Probate courts have broad discretion about how to handle the cases they consider. Especially when it comes to guardianship and conservatorship, the probate judge usually has considerable latitude about how to proceed. It is essential, however, that the probate judge recognize that he or she must give the litigants their due process — the rules must be followed.

Due process in probate court

Last week we wrote about a due process issue that arose in the Colorado Court of Appeals. This week we read a story that is surprisingly similar, this time from the Maine Supreme Court. Both address some of the requirements of due process in guardianship and conservatorship cases.

In last week’s case, the probate judge had three competing petitions for guardianship of a man who was clearly incapacitated. Rather than decide among the presented options, the judge decided to appoint a local agency she knew would do a good job.

When relatives appealed the agency’s appointment, the appellate court agreed that there was an additional requirement. It was not improper to appoint the agency — they might well be the best choice. What was improper was to make the appointment without utilizing the process for appointment of a guardian.
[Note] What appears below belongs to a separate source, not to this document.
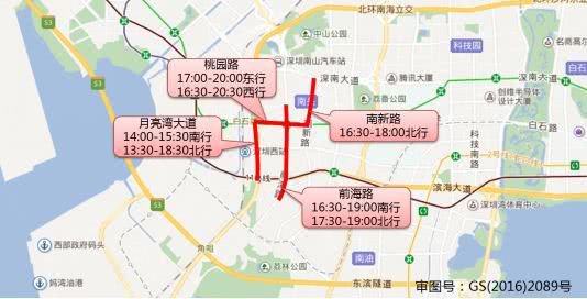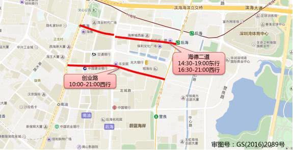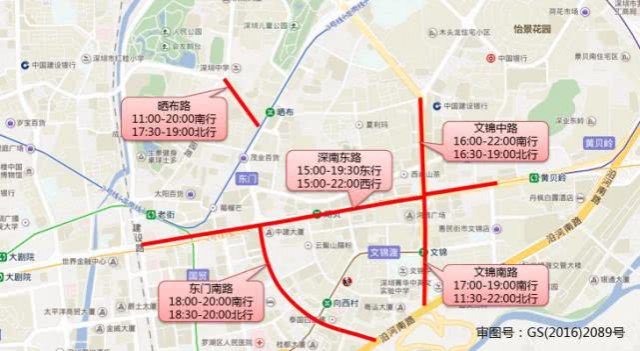 華強北路(13:30-17:00南行,10:00-17:30北行),華富路(17:00-21:00南行,16:00-17:30北行),振華路(16:00-19:00東行,13:30-22:30西行),上步中路(15:00-17:00北行),深南中路(16:00-19:00東行),上步南路(10:00-19:30南行,13:00-15:00北行,19:30-22:00北行)。

The appellate court sent the case back for further proceedings. The probate judge was ordered to have a court investigator evaluate the new candidate before the agency could be appointed.

The similar Maine case

This week we saw a surprisingly similar case out of Maine — with an identical result. Two competing petitions had been filed for guardianship of Patricia, an elderly Maine woman. Her stepson filed the initial petition, and her two out-of-state sons filed an objection and sought their own appointment as guardians.
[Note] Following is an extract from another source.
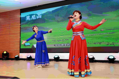 《又见山里红》作为晚会的高潮部分,以其优美的旋律和深情的歌词,讲述了对家乡的眷恋和对生活的热爱。这首男女生对唱的歌曲,以其欢快的节奏和富有感染力的演绎,引发了全场的共鸣,为晚会增添了浓厚的节日气氛,赢得了观众的阵阵掌声。

At the hearing, the probate judge decided that it would be best for Patricia if her sons did not act as guardian (the stepson had by that time withdrawn his request). The probate judge appointed two caretakers who had been hired by the sons to oversee Patricia’s care.

Patricia’s sons appealed. They argued that they had priority for appointment as guardians, and the probate court should have appointed them. They also argued that the probate judge should not have appointed the caretakers because they had not filed a petition seeking their appointment, or gone through the process mandated by Maine law for appointment of a guardian.

Maine’s Supreme Court agrees — sort of

The Supreme Court of Maine issued its ruling on the case last week. As with the similar Colorado case, the high court of Maine agreed that guardianship proceedings should follow the process set out by statute — the process, in fact, to which Patricia was entitled.

To be clear, it was Patricia’s “due process” rights at issue. Before appointing someone who might be a better choice, the probate judge should have required that they file a petition, have it served on Patricia, and gone through the procedural steps necessary for appointment. As in the Colorado case, that would include a review by a court-appointed investigator. In Maine, it would require appointment of a guardian ad litem. It also would require the proposed guardian to file a guardianship plan and various reports.

Based on that failure, the Maine Supreme Court vacated the appointment of Patricia’s caretakers as her guardian, and returned the case to the probate court. Presumably, the probate judge will review the status, and consider the written petition filed by the caretakers (assuming that they file a petition). The court investigator and the other parties will then have a chance to ask questions and flesh out the merits of the caretakers’ case.

Why not just appoint the sons as guardians?

Maine, like Arizona, has a statute that gives immediate family members priority for appointment as guardian. In fact, both Arizona’s and Maine’s statute come from the Uniform Probate Code, which both states have adopted. So why not just order that Patricia’s sons should be appointed?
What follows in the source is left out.